Кроме того, можно предполагать, что долгое знакомство успело породить между ними достаточное доверие, чтобы ослабить воздействие фразы, которую какой-то остряк вложил в уста повесы: «Назначь меня своим душеприказчиком, отец; а кому ты завещаешь имущество, мне все равно».

Как бы то ни было, нет ни малейшего сомнения в том, что мой достойный предок оправдал это доверие со щепетильной добросовестностью человека, честность которого прошла суровую школу торговой этики. Маленькая Бетси получила воспитание, соответствовавшее ее положению в жизни; за ее здоровьем следили с таким вниманием, словно она была единственная дочь

короля, а не торговца модными товарами; ее нравственность блюла престарелая дева; ее ум был сохранен в его первоначальной чистоте; ее особу ревниво оберегали от происков алчных охотников за приданым; и, в довершение всех этих забот и хлопот, мой бдительный и верный предок, дабы предотвратить, насколько это дано человеческому прозрению, всякие случайности и превратности судьбы, позаботился о том, чтобы в день, когда ей исполнилось восемнадцать лет, она сочеталась законным браком с тем, кого он, надо полагать, считал самым достойным человеком среди всех своих знакомых, то есть с ним самим. Ввиду того, что обе стороны так давно знали друг друга, в особом обеспечении по брачному контракту необходимости не было. Благодаря щедрости, проявленной покойным хозяином во многих пунктах завещания, продолжительности периода несовершеннолетия наследницы и трудолюбию бывшего старшего приказчика, наша семья, как только отзвучало брачное благословение, вступила в неоспоримое владение четырьмястами тысячами фунтов стерлингов. Человек, менее щепетильный в вопросах религии и права, мог бы и не обеспечить столь надежно сиротку-наследницу к моменту истечения срока опеки над нею.
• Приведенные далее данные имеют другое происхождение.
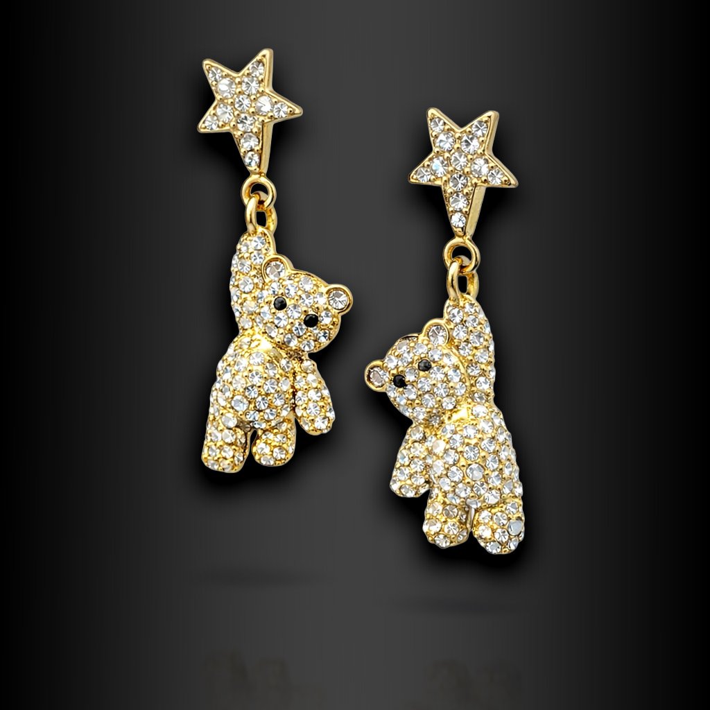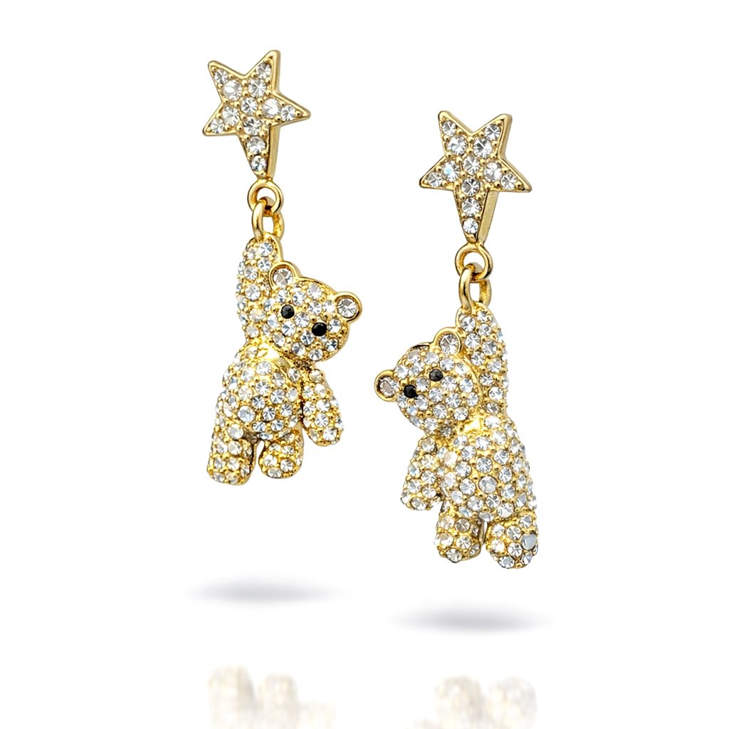 Dominantní hvězda s třpytivými zirkony drží jemně zavěšeného medvídka, který je kompletně osazen drobnými kameny. Každý pohyb hlavy způsobí, že se světlo rozbije do desítek odlesků – a přesně to je moment, kdy si okolí všimne.

Я был пятым из детей, явившихся плодом этого союза, и единственным благополучно завершившим первый год своего существования. Моя бедная мать не пережила моего рождения, и только устное предание — главный хранитель архивов нашей семьи — дает мне возможность судить о ее душевных качествах. По всему, что я слышал, это была кроткая, тихая женщина, поглощенная домашними интересами и по своему темпераменту и образованию прекрасно приспособленная к тому, чтобы содействовать моему отцу в осуществлении его планов, направленных к ее благополучию. Если у нее и были причины сетовать (а что они были, есть полное основание полагать, ибо кто этого избежал?), она с женской преданностью скрыла их в священном хранилище своего сердца. И если досужее воображение иногда смутно рисовало ей счастливое замужество, совсем не похожее на то, что стояло перед ее взором в тусклом свете действительности, эти картины отзывались в ней лишь вздохом: их наглухо запирали в ларец, ключа от которого касалась только она сама, да и то редко.
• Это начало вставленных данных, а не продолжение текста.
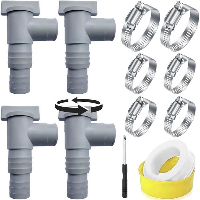 Lorsque « Open » est aligné avec la flèche, la vanne est ouverte ; lorsque « Close » est aligné, elle est fermée. Un léger écoulement au niveau du raccord du tuyau lorsqu'il est fermé est normal et ne pose aucun problème lors des travaux d'entretien. 【Facile à utiliser】La vanne d'arrêt de piscine de 32 mm est facile à installer. - Mode d'emploi : Tournez l'interrupteur pour ouvrir ou fermer la vanne. 【Remarque】La vanne d'arrêt d'entretien ne peut pas remplacer un bouchon si aucun système de filtration n'est connecté. - Avertissement : Le robinet d'arrêt de piscine de 32 mm ne peut pas remplacer les bouchons si aucun système de filtration n'est connecté. - Fonction : Le robinet d'arrêt d'angle de 32 mm facilite l'entretien de la piscine et du système de filtration. Vanne d'entretien-d'arrêt pour Piscine avec Raccord de Tuyau de 32-38mm, Vanne Piscine Double... Grâce à cette vanne d'arrêt de piscine, plus besoin d'actionner les bouchons ni de soulever la pompe, ce qui évite les fuites lors de l'ouverture du système. Le robinet d'arrêt de piscine de 32 mm résout ce problème et est compatible avec les tuyaux de 32 mm et 38 mm. 【Matériaux de haute qualité】Notre vanne d'arrêt de piscine de 32 mm est fabriquée en plastique durable et robuste, garantissant une longue durée de vie. Vanne Entretien Filtration Hors Sol Vanne D'entretien/d'arr¿¿t Pour Piscine Avec Raccord De Tuyau De 32mm,Robinet D'arr¿¿t Pour Accessoire Piscine Entretien Facile Vanne Pvc Pour Piscine Avec Embout De Tuyau DArrosage Robinet A Bille Filet Vanne A Boisseau Il suffit de la connecter aux raccords des accessoires de piscine à l'aide des colliers de serrage fournis, puis de raccorder les tuyaux du système de filtration aux vannes.

Об этой подавленной и неприметной печали, — боюсь, иного названия для такого чувства нет, — мой превосходный и неутомимый предок, по-видимому, совсем не подозревал. Он предавался своим обычным делам, и менее всего могла бы прийти ему в голову мысль, что он не выполнил до мелочей долга в отношении своей подопечной. Если бы он поступил иначе, от его упущений больше всего пострадал бы ее муж и только он имел бы право жаловаться. Но так как ее муж и не думал высказывать подобное обвинение, нет ничего удивительного в том, что мой предок ничего не знал о чувствах своей жены до самого часа ее смерти.
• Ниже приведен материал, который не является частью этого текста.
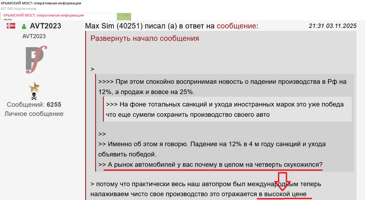 >>>>> При этом спокойно воспринимая новость о падении производства в Рф на 12%, а продаж и вовсе на 25%. >>>> На фоне тотальных санкций и ухода иностранных марок это уже победа что еще сумели сохранить производство своего авто

Я уже говорил, что в период между десятилетним и сорокалетним возрастом взгляды преемника торговца модными товарами претерпели существенные изменения. С того времени, как ему пошел двадцать второй год, другими словами — с тех пор, как он начал зарабатывать деньги не только для своего хозяина, но и для себя, он перестал кричать на улицах: «Уилкс и свобода!» Уже в первые пять лет после его совершеннолетия никто не слышал от него ни звука об обязательствах общества перед слабыми и обездоленными. С той поры, как у него завелись свои собственные пятьдесят фунтов, он лишь слегка касался в разговоре обязанностей христианина вообще. Клеймить же людские безрассудства было бы черной неблагодарностью со стороны человека, который зарабатывал свой хлеб только благодаря им. Однако примерно в это время он начал с большой едкостью и уместностью поносить налоги. Государственный долг он возмущенно называл проклятием общества и зловеще предрекал распад этого общества вследствие повинностей и тягот, ежечасно ложащихся на и без того уже чрезмерно обремененные плечи торговцев.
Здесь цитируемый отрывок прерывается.